RICS survey casts doubt on plan to boost institutional investment in infrastructure

Plans by chancellor George Osborne to boost private funding of infrastructure projects will fail, surveyors have predicted.

The RICS Construction Market Survey for the last quarter of 2011 revealed that only 14% of surveyors believe the chancellor will be successful in his Autumn Statement pledge to generate sufficient institutional funding for planned infrastructure projects.

There was also scepticism about the coalition’s Get Britain Building Fund aimed at boosting housing supply, with only a quarter of surveyors believing this will impact positively on the sector.

Overall, the survey found the construction industry continuing to stall during the final three months of last year, with the number of respondents reporting falling workloads up seven percentage points.

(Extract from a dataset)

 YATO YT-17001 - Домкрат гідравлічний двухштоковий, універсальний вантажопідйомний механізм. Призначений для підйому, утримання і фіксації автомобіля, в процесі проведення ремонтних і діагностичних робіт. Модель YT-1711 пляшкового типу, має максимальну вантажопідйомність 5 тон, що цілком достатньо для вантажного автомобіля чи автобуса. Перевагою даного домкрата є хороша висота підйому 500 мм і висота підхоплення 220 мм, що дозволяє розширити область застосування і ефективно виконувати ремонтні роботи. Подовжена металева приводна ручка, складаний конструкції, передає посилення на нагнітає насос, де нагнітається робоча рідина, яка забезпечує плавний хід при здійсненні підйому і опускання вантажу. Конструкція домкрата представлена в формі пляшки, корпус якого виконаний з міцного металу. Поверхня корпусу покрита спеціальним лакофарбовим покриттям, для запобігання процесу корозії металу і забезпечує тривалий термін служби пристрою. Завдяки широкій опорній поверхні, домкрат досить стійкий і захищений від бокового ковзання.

Private sector construction remained relatively flat, the survey indicated, whereas overall public projects continued to fall, with 17% of surveyors reporting falls rather than rises in levels of public housing construction.

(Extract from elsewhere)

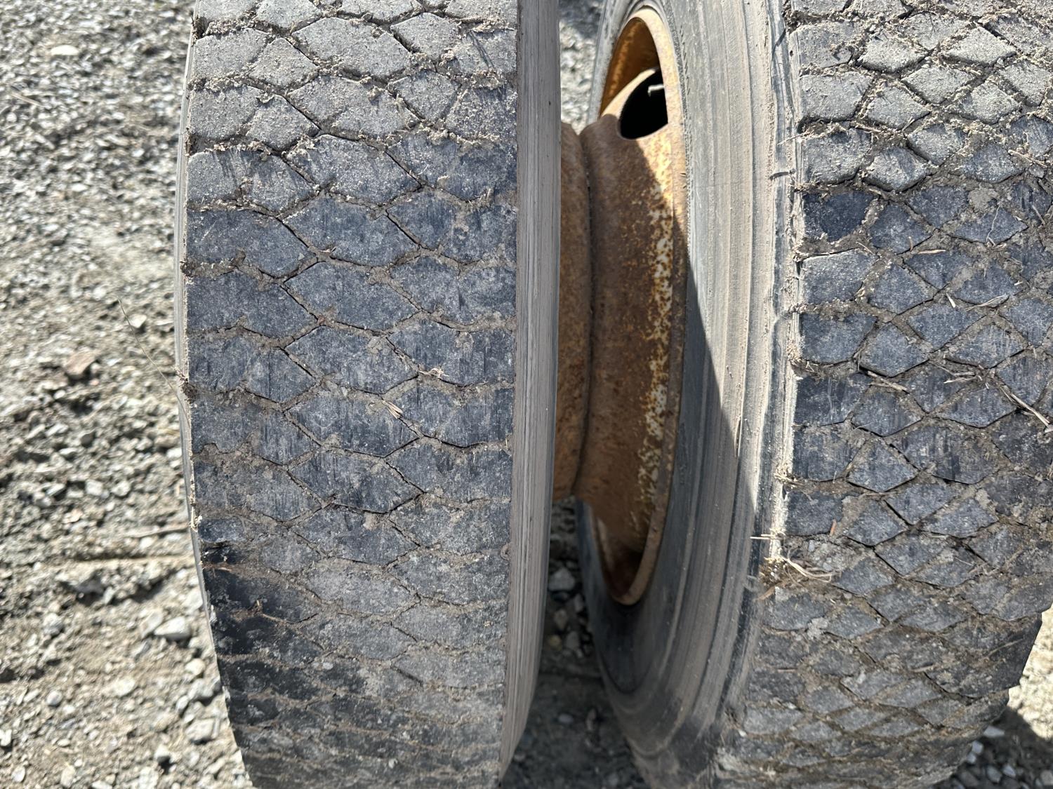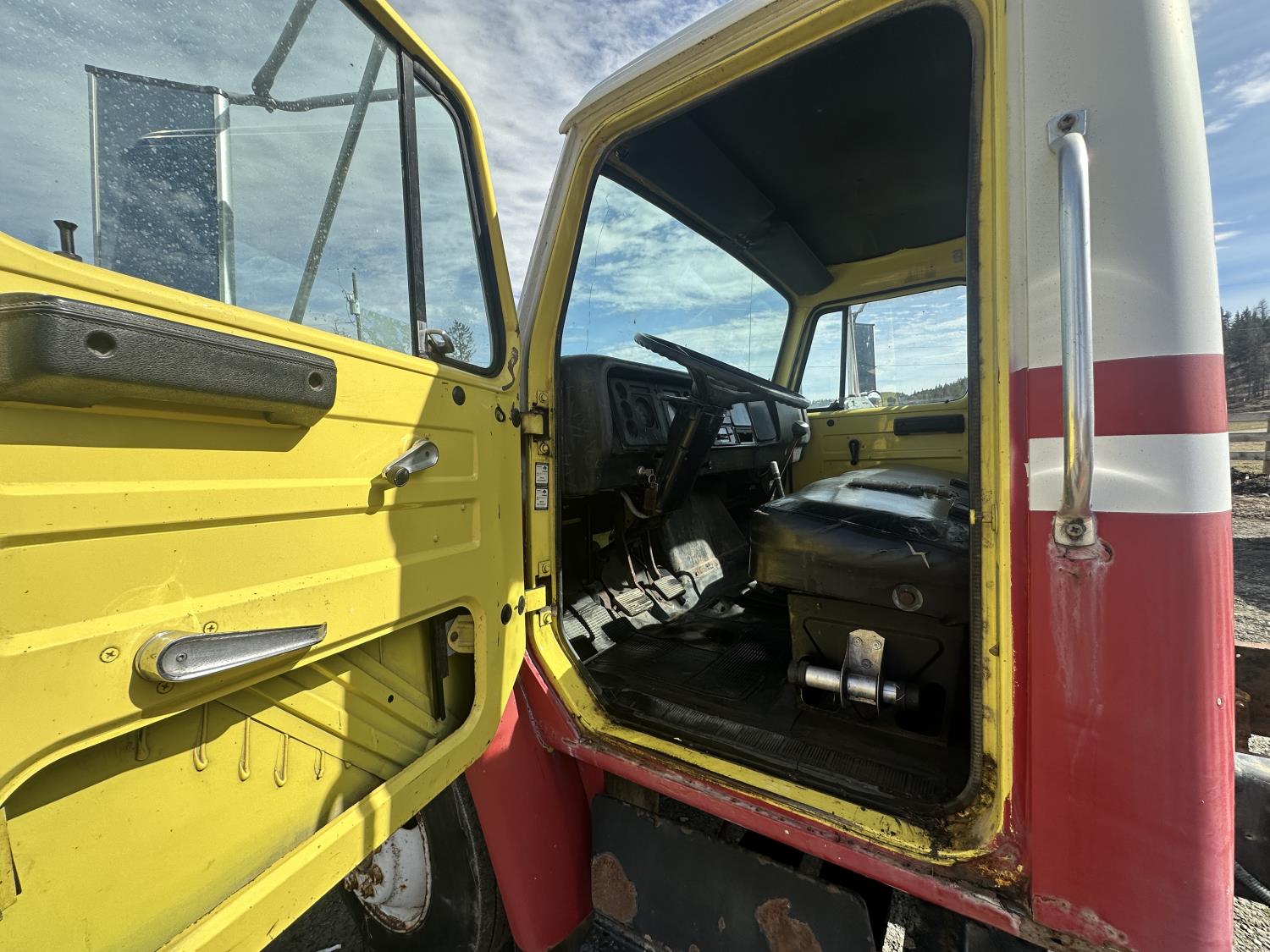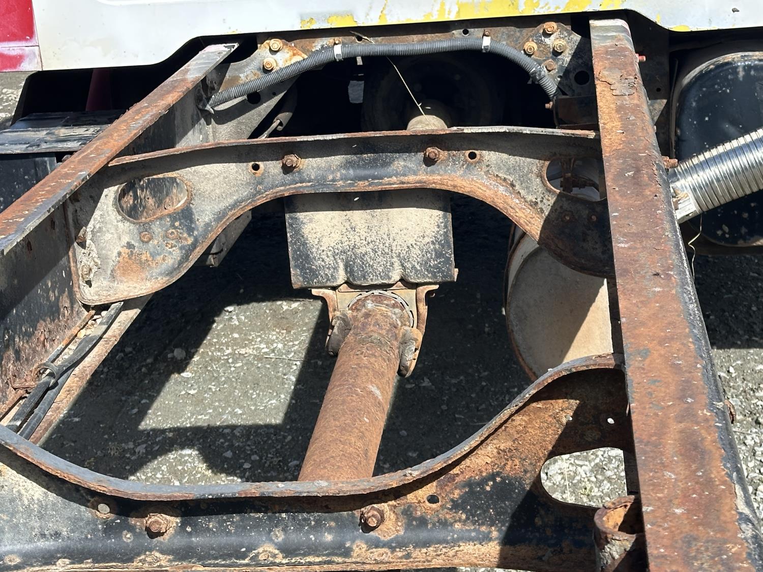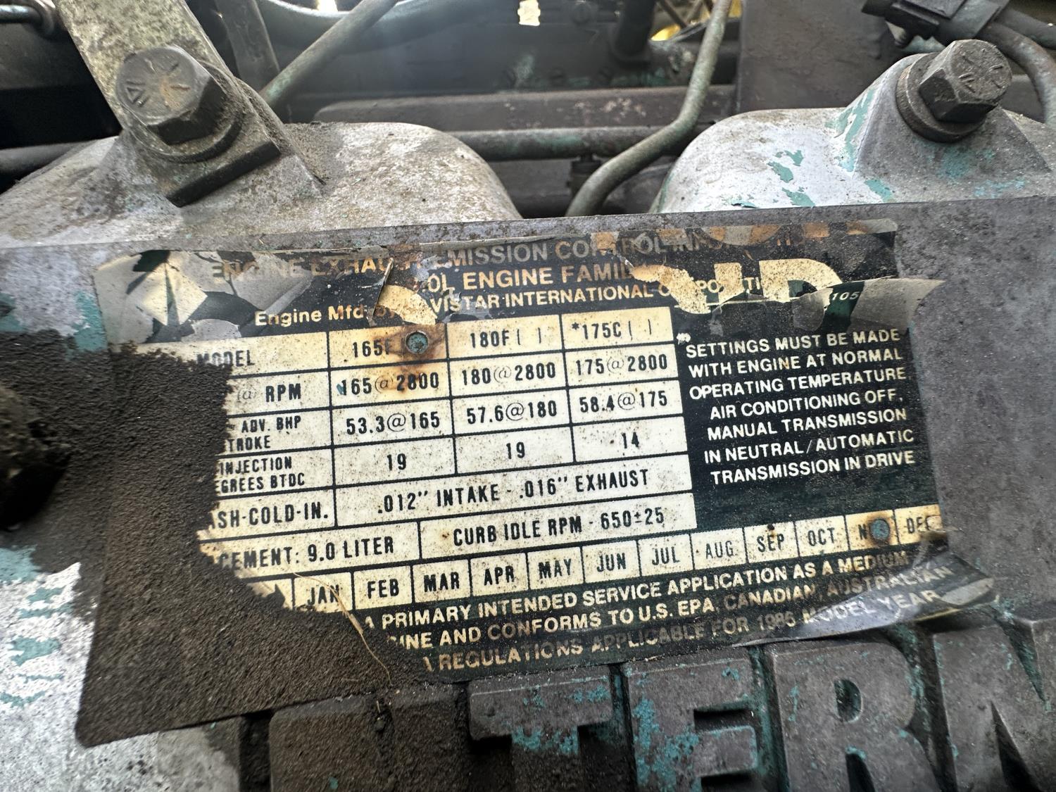 International 9.0 L V8 165 HP diesel engine, 5 speed manual transmission, spring suspension, 250 inch WB, 28ft Frame rail length from back of cab, 9R22.5 tires

Simon Rubinsohn, RICS chief economist, said: “Predictably, with workloads continuing to fall and costs slowly increasing towards the end of the year, the outlook for the construction industry remains rather downbeat with no prospect of improvement in sight.

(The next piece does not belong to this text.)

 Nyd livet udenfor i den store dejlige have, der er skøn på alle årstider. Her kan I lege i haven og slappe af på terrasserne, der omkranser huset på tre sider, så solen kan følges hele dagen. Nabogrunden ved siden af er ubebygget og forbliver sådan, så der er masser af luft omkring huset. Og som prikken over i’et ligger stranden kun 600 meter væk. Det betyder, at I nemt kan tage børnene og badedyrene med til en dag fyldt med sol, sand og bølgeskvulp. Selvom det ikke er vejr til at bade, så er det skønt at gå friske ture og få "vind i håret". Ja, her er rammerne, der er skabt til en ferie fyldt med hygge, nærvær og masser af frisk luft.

“Particularly worrying are the questions being raised over the government’s plan to secure institutional funding for infrastructure projects. We would hope that this scepticism proves to be overly pessimistic, but the responses highlight the sizable job the government still has to do in convincing industry professionals that this approach is going to deliver.”

Across the UK, the survey pointed to a continuing North-South divide with only London and the South-east reporting positive net balance readings. There are also no sign that the pressure being felt by the SME sector is lessening with a majority of respondents seeing recent government initiatives as being unhelpful for SMEs.

Looking forward, surveyors expect overall workloads to stagnate over the next twelve months and employment in the construction sector to fall further.

Materials costs continue to rise with a net balance of 19% of surveyors reporting increasing costs. As result, expectations for future profits are downbeat with 44% surveyors predicting future margins to decrease rather than increase over the coming year.